When not maintaining a filesystem, do you have to worry about inode numbers and link counts? Generally, no. This stuff is accessible to user mode programs primarily for backward compatibility. Furthermore, not all filesystems available in Linux have these filesystem internals. The Virtual File System (VFS) interface layer ensures that system calls always return inode numbers and link counts, but those numbers may not necessarily mean anything.





You may not be able to perform traditional Unix filesystem operations on nontraditional filesystems. For example, you can’t use ln to create a hard link on a mounted VFAT filesystem because the directory entry structure is entirely different.



Fortunately, the system calls available to user space on Unix/Linux systems provide enough abstraction for painless file access—you don’t need to know anything about the underlying implementation in order to access files. In addition, filenames are flexible in format and mixed-case names are supported, making it easy to support other hierarchical-style filesystems.



Remember, specific filesystem support does not necessarily need to be in the kernel. In user-space filesystems, the kernel only needs to act as a conduit for system calls.



4.5.3 The Evolution of Filesystems(文件系统的演变)

As you can see, even the simple filesystem just described has many different components to maintain. At the same time, the demands placed on filesystems continuously increase with new tasks, technology, and storage capacity. Today’s performance, data integrity, and security requirements are beyond the offerings of older filesystem implementations, so filesystem technology is constantly changing. We’ve already mentioned Btrfs as an example of a next-generation filesystem (see 4.2.1 Filesystem Types).

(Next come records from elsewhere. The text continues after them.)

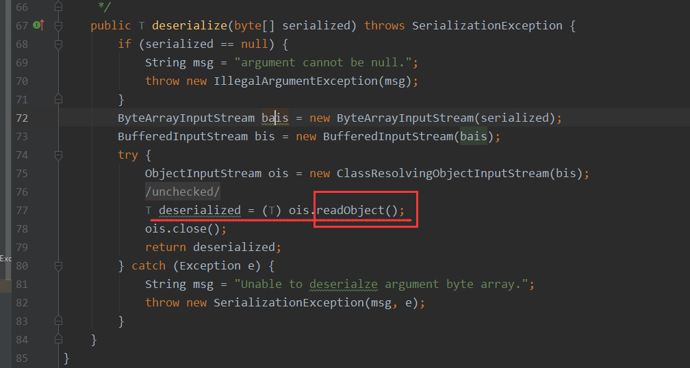 Shiro自己实现了一个反序列化类org/apache/shiro/io/DefaultSerializer.java#deserialize,这里的readOjbect进行反序列化,最后触发反序列化
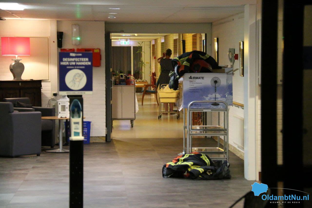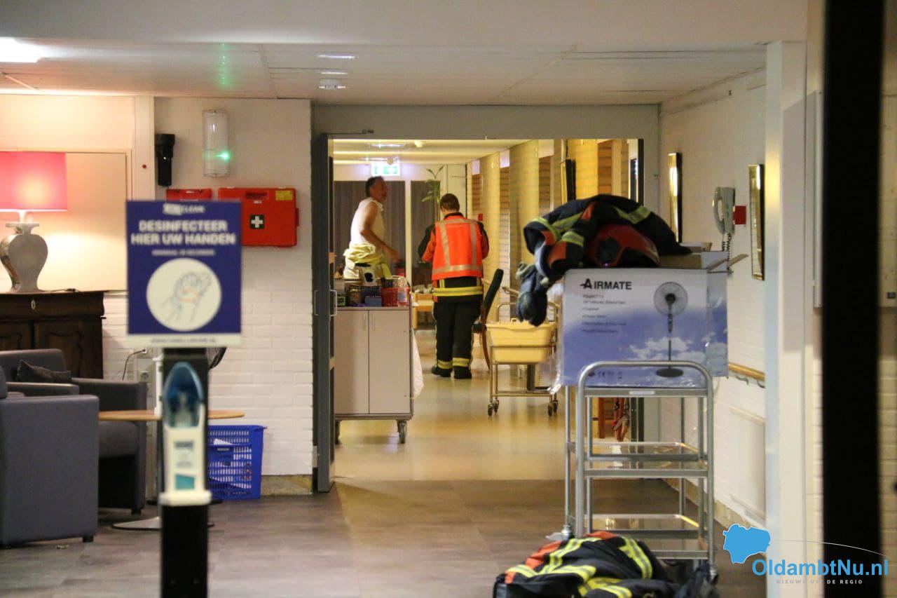 De brandweer is samen met het personeel van het verpleegcentrum de woningen aan het schoonmaken. Door het complex hangt momenteel een onprettige geur.
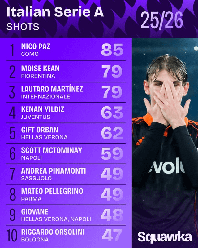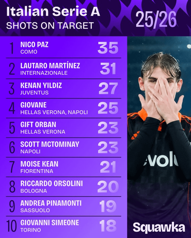 rth9139 on February 6, 2026 8:04 pm It’s actually kind of nuts that a team as bad as Verona has two guys in the top five for shots on target.
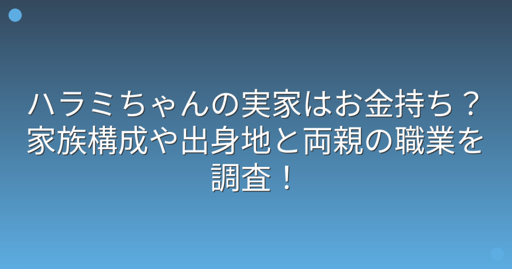 ハラミちゃんの実家はお金持ち?家族構成や出身地と両親の職業を調査!
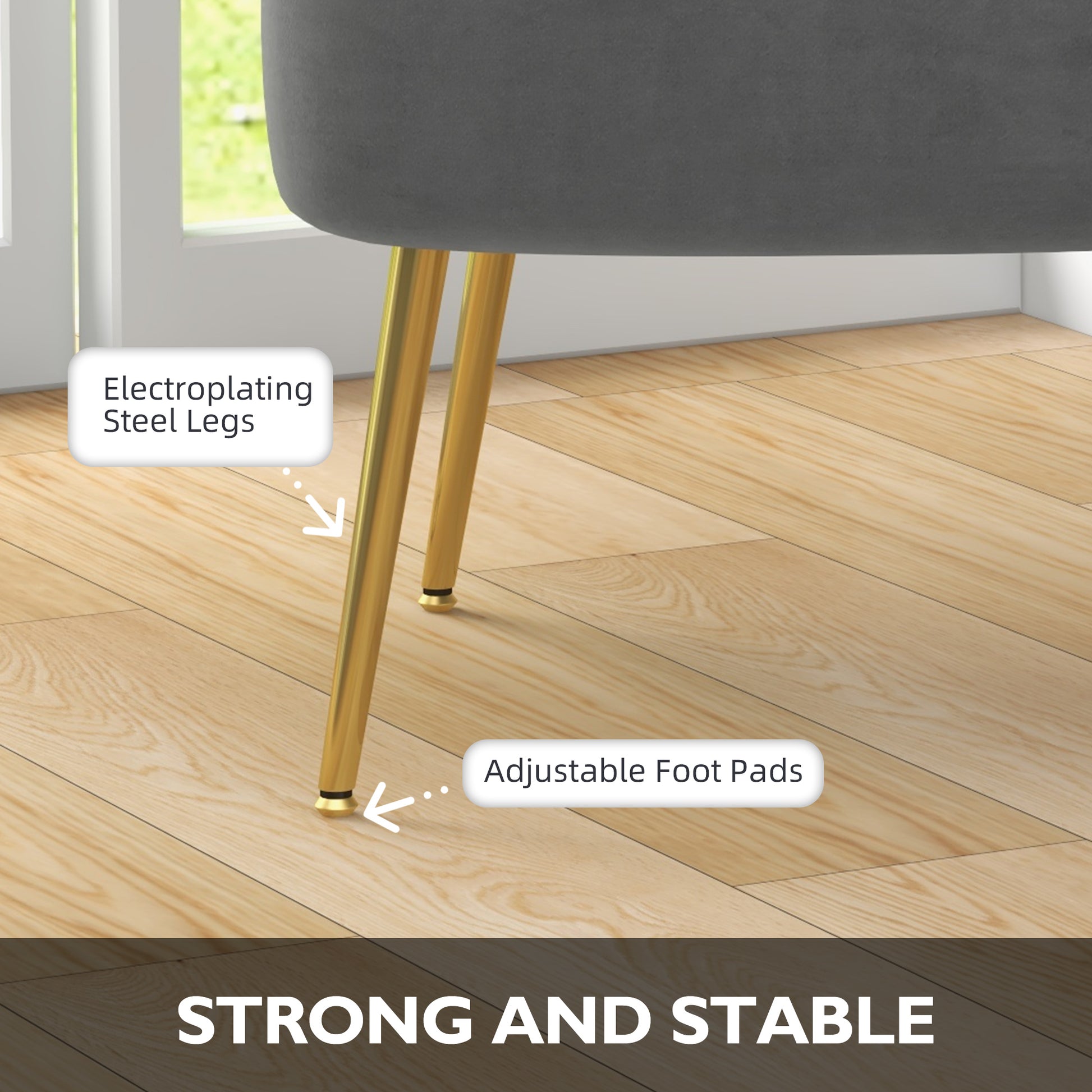 These two HOMCOM vanity chairs bring elegance and comfort to wherever they stand. Tub shaped, armless and in a smooth curved shape, these are modern designs, given a glam edge with the velvet-feel upholstery and gold coloured legs. The large seat and backs are filled with thick sponge for plenty of comfort, with the high backs for support. No arms mean plenty of sitting room. Leisure chairs are complete with supportive metal legs.

我们已经提到Btrfs作为下一代文件系统的一个示例(见4.2.1 文件系统类型)。

One example of how filesystems are changing is that new filesystems use separate data structures to represent directories and filenames, rather than the directory inodes described here. They reference data blocks differently. Also, filesystems that optimize for SSDs are still evolving. Continuous change in the development of filesystems is the norm, but keep in mind that the evolution of filesystems doesn’t change their purpose.